WHAT IS BEING ASKED:
Using the listing below, please print exactly the lines from the one with "即使是对比相同的TPE材质手" through the one with "DEEPTI Collection °025-026". Leave out every picture.

SUPPLIED INFORMATION:

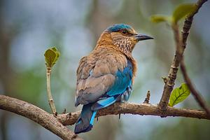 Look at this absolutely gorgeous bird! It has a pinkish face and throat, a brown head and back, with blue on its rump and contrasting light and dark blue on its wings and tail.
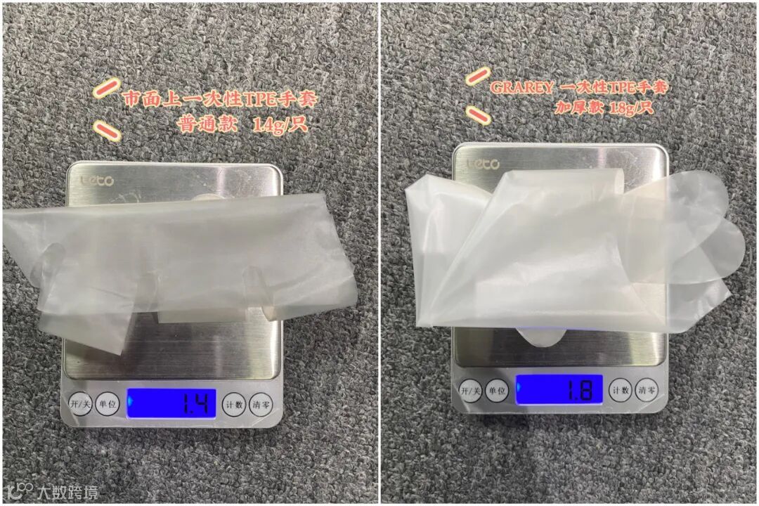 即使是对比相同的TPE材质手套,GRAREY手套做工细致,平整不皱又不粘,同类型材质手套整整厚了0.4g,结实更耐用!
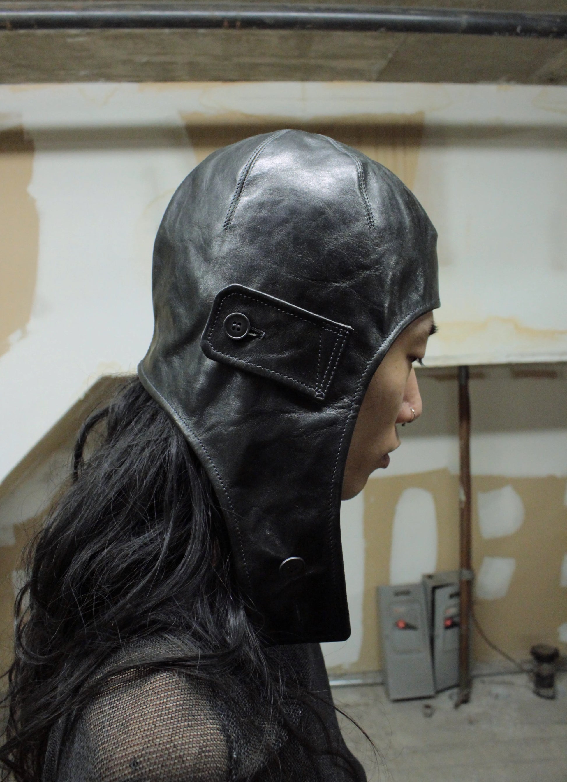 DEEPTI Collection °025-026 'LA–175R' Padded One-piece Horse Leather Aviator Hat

* * *

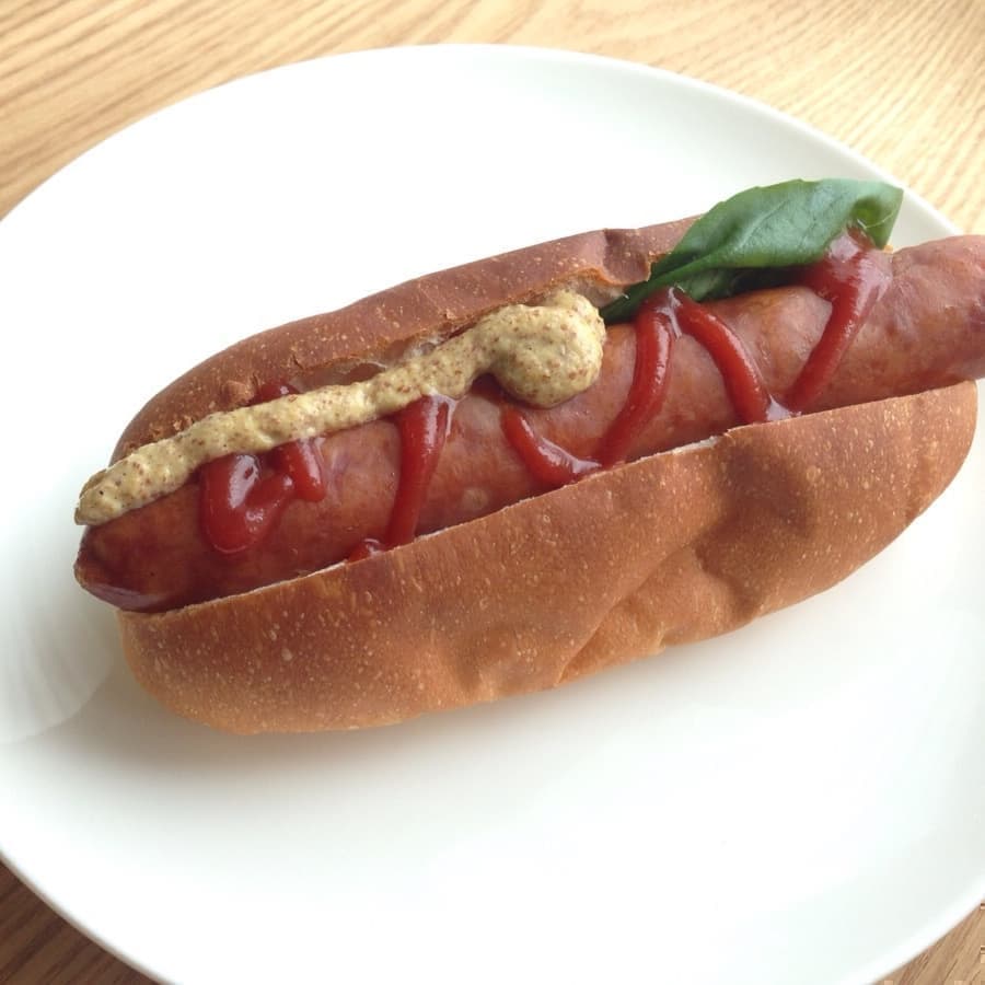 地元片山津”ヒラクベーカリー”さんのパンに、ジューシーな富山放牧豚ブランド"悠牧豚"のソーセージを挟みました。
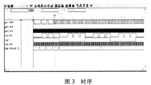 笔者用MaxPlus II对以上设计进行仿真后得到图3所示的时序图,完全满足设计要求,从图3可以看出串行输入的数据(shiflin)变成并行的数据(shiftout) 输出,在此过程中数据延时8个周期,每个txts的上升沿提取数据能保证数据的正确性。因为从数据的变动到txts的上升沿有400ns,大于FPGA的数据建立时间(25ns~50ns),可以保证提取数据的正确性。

SOLUTION TO THE PROBLEM:
 即使是对比相同的TPE材质手套,GRAREY手套做工细致,平整不皱又不粘,同类型材质手套整整厚了0.4g,结实更耐用!
 DEEPTI Collection °025-026 'LA–175R' Padded One-piece Horse Leather Aviator Hat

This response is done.